1. In this paper, we analyze the runtime and size of the index file with different sizes for GML data when constructing an index.

The land cover data were chosen as the experimental data in this group, which contained 112,334 elements, and the size of the GML documents exceeded 500 MB. These data were divided into many groups, of which the minimum was about 100 MB and the maximum was about 500 MB.

As shown in Figure 9, with the amount of GML data increasing, the index construction time and the size of the index file also increase. The time of the index construction is linearly related to the GML document size. The average 100 MB GML document required 688.93 s. Due to the time consumed in the network transmission for calling the WFS service to obtain the GML data, if the GML documents were local, much less time would be required to construct indexes for GML documents with the same amount of data. From the retrieval space, an increase in GML data has less effect on the size of the index files, which reflects the functions of compression and index optimization for the comprehensive index of Lucene with the large amount of data.

2. The GML data of point elements, line elements, and area elements were selected as research objects. Using the same GML document size, we constructed an index for these objects, and documented the runtime and the size of index files.

In Figure 10, under the same size of GML documents (Figure 10a or Figure 10b) and different types of elements, the construction time of point elements is the shortest, and its index file size is the smallest, while the construction time of area elements is the longest, and the index file size is the greatest.
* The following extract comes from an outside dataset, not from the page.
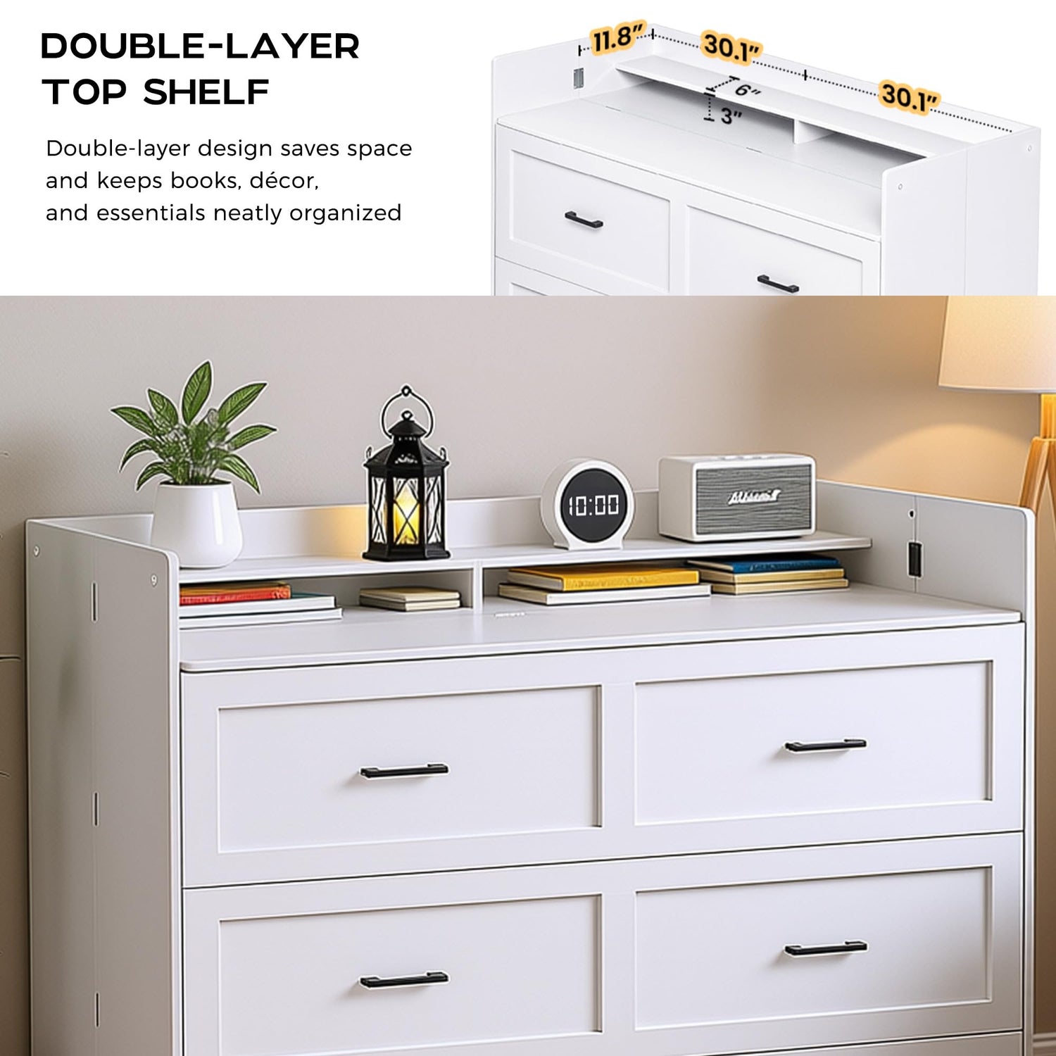 - 【Spacious Storage】 Two large drawers provide ample space for bedding, pillows, or seasonal clothing. A double-layer storage shelf at the top keeps essentials within easy reach. A hidden compartment inside the cabinet is designed to store a foldable bed frame (mattress not included).

The experimental results are consistent with expectations. Compared to point elements, line elements and area elements are supposed to store more coordinate points. Thus, GML data increased, and there was much more time and space to store and parse the GML data. In addition, with more compressive spatial relations for line and area elements, the Lucene Spatial module required much more time and memory to construct the spatial index for the spatial information of geographical elements. Thus, the computing time was longer and the index file size was larger. However, the trend of space change of Figure 1b is slightly different from that of Figure 1a because most of the polygons are regular polygons, and thus the size of index files is very close to that of line elements (the same as time), and is still consistent with the above rules.

5.4. Retrieval Effectiveness

The recall and precision ratio are effective indicators for analysis of retrieval quality. The recall ratio represents the ratio of the number of relevant results to all that meet the retrieval conditions. The precision ratio represents the ratio of the number of relevant results to all that are retrieved. These formulas are defined as in Equations (16) and (17):

R e c a l l = \frac{C}{M}

(16)

P r e c i s i o n = \frac{C}{T},

(17)

where

C

represents the correlation result numbers of retrieval,

M

represents all result numbers of meeting the retrieval conditions, and

T

represents the numbers of all retrieved results.

In order to verify the retrieval quality, this paper designs the retrieval experiment based on Oracle as a contrast experiment. Oracle has launched Oracle Spatial, a spatial query component, and Oracle Text, a full-text retrieval component, where the full index uses the Chinese_lexer analyzer. These components can construct spatial indexes and full-text indexes. Table 6 shows a comparison of the two methods.

According to the statistics of the retrieval results, as shown in Table 6, the proposed method proved the validity of the experiments. Compared to the method based on Oracle, in general, the R value of the proposed method is higher than that of the method based on Oracle; however, for P it is the opposite. There are two main reasons. First, although IkAnalyzer could provide a richer Chinese word segmentation interface, more useless words are divided, which affects the precision, while the Chinese_lexer analyzer can identify the vast majority of Chinese words and improve the efficiency. Thus, for spatial retrieval, this paper uses compressive indexes and retrieval result ranking to obtain more relevant results; the method based on Oracle is usually performed by attribute retrieval and then space retrieval, in which some relevant results are filtered out. The results almost meet the retrieval requirements.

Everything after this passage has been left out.